Covered Call Funds | return ~ 8 – 10%
Covered call funds are mutual funds or ETFs that actively manage a covered call portfolio. Within the portfolio, the fund manager will purchase stock/ETFs and sell calls against those positions. This strategy has less risk than selling covered calls on your own because the fund is actively managed and spread out for you.
Dividend Paying Stocks + Covered Calls | return ~ 8 – 12%
Many blue-chip stocks are paying modest dividend yields today. You can easily receive 2 – 4% from the dividend alone. However, I would take it a step further and sell covered calls against the stock position that you own. As long as the stock is not called away from you, you will received the dividend and have the opportunity to sell more calls when the current ones expire. This strategy is no different than selling covered calls on any other asset, so the risk is the same.
Real Estate in an IRA | return ~ varies too much
This is another fairly new investment tactic that is becoming more popular. You could go out and buy real estate at a very affordable rate today, but you need to either borrow from the bank or put up capital of your own. An alternative is to buy a rental home with the money in your IRA. The assets are not distributed from the IRA so there are no tax implications. Each time a tenant pays rent, that rent is deposited into the retirement account and can be used to invest in securities or hold in cash.
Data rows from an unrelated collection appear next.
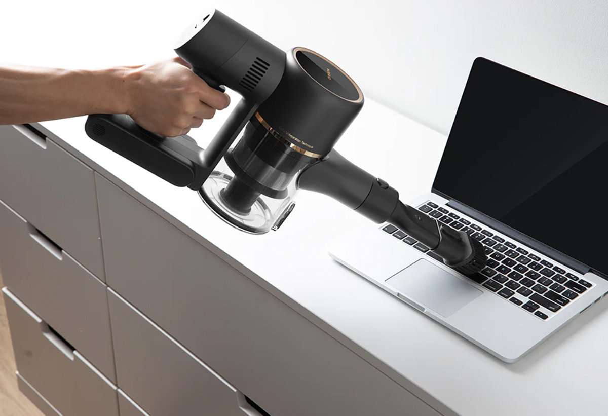 Απεικονίζεται η χρήση της σκούπας για τον καθαρισμό ενός λάπτοπ.
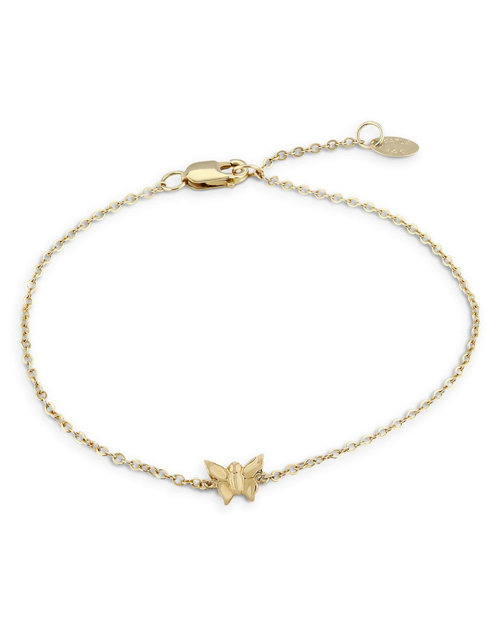 This 14K Yellow Gold Butterfly Chain Bracelet by Moon & Meadow adds a whimsical touch to any outfit. The delicate butterfly motifs are linked together to create a charming and lighthearted design. Crafted in polished 14K yellow gold, this bracelet is perfect for adding a bit of elegance and fun to your look. The 7-7.5' length and lobster clasp closure ensure a secure and comfortable fit.
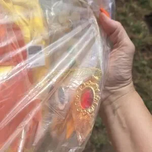 Enchanting yellow princess costume featuring a vibrant dress with orange accents. Includes a gold crown and matching earrings for a complete royal look. Perfect for imaginative play and costume parties.
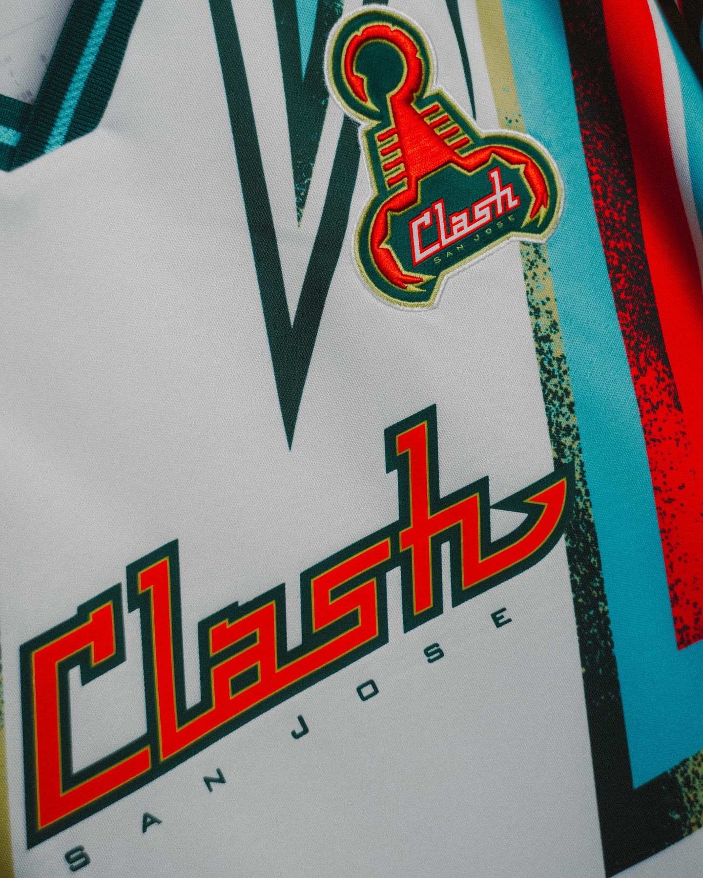 A throwback Clash crest sits on the left chest, with a stylised "Clash San Jose" wordmark central on the torso, while the collar and sleeve cuffs are finished in green with matching trim details. A licensed product label and the retro-style inner neck graphic complete the retro revival.
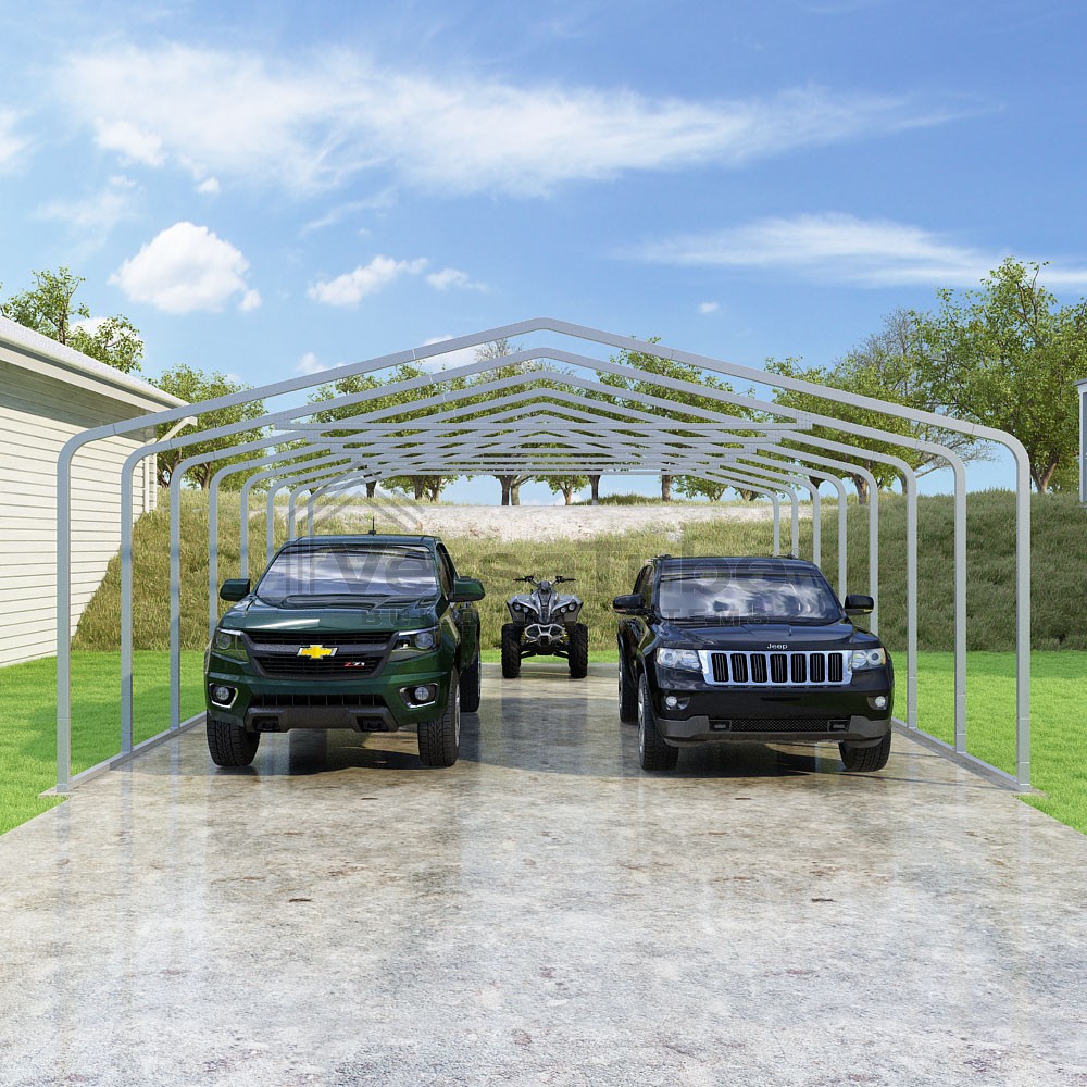 Classic Series DIY carport frame kit is designed for horizontal sheet metal application, resulting in a more cost-effective shelter or canopy solution. The rounded bends allow the sheet metal to naturally roll over the sides ensuring additional protection from elements entering from the sides.
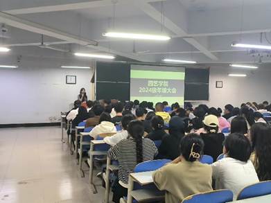 大会最后,何老师寄语新生:"愿你们在新的旅程中遇见更好的自己,拥有无限可能和精彩人生。”此次年级大会的成功举办,让24级学生对大学生活有了更清晰的认识和规划,也增强了学生之间的凝聚力和对学院的归属感。(撰文/梅经旭 核对/何静 审核/余果 发布/
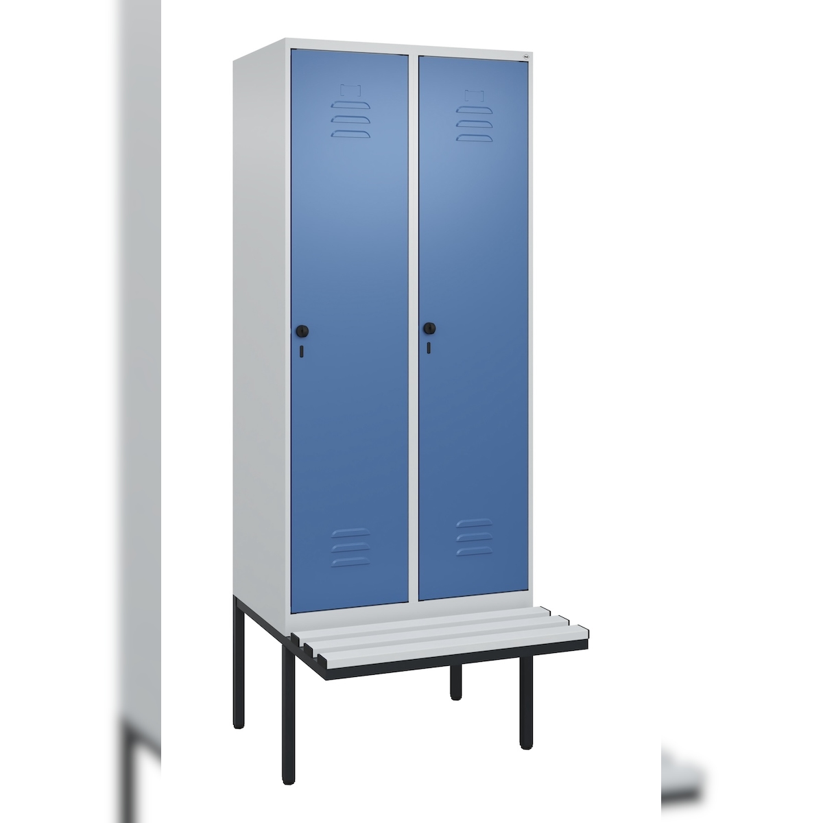 C+P Spind Classic PLUS, Kunststoff schwebende Sitzbank, 2 Abteile, HxBxT 212x80x82cm, Sicherheitsdrehriegel, Hellgrau/Fernblau von PROREGAL
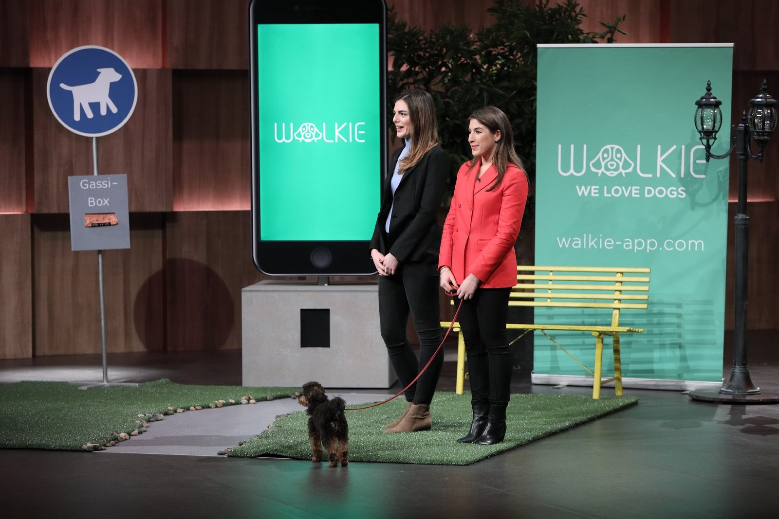 Folge 2Anna-Alexia Hoffmann (l.) und Lisa Jedlicki präsentieren "Walkie App". Über die App können sich Hundebesitzer und-betreuer kontaktieren. Sie erhoffen sich ein Investment von 300.000 Euro für 20 Prozent der Anteile an ihrem Unternehmen.Bild: © MG RTL D / Frank Hempel
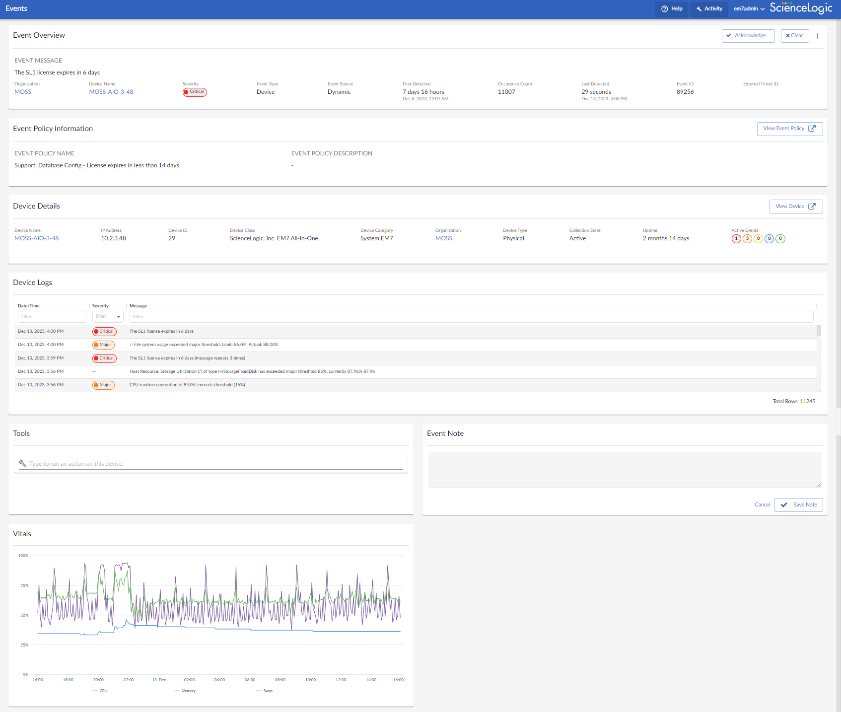 1. On the Events page, click the message for a predictive alert with the Skylar icon (). The Event Investigator page for that alert appears.
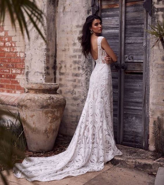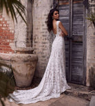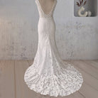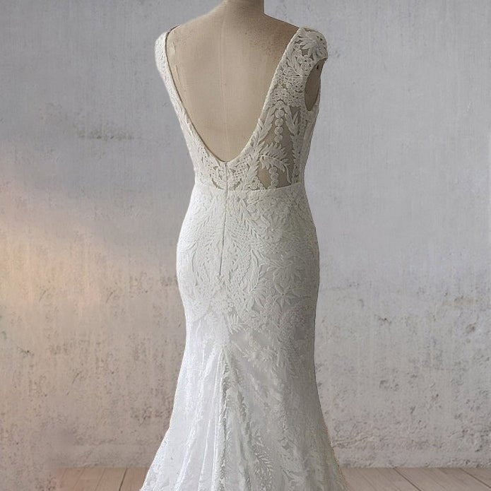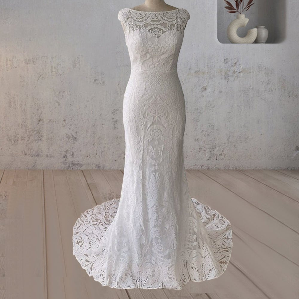 Graceful and sophisticated, this mermaid-style lace gown in classic white is perfect for a romantic bridal look. The scoop neckline and sleeveless design create a sleek, flattering silhouette, while lace appliqués add intricate texture and refined charm. Its sweep train drapes elegantly as you walk down the aisle, and the zipper back ensures a comfortable fit. A stunning and memorable choice for your wedding day.
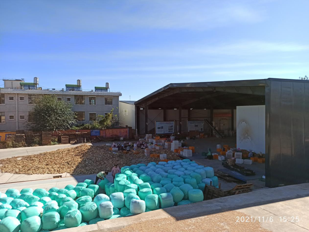 务工人员在打包秸秆碎屑。(11月6日摄)
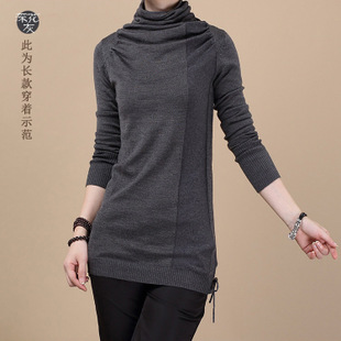【精品推薦】供應時尚修身高領女針織衫毛衣 堆堆領長款羊毛衫 /

Not only do you reap the benefits of monthly payments, but the real estate should appreciate in value as well.
As I said in the beginning, coupled with higher returns is greater risk. Because all of these strategies pay more than CDs or Treasuries, they are inherently more risky. Please make sure you understand that risk ahead of time. I will be discussing each strategy independently and at that time, I will detail the complete risks associated with each one.
READERS: Do you have any other income generating strategies that you’d like to share (annuities, REITs, etc.)? Have you had success with any that I’ve mentioned? Do you think my risk ranking was accurate?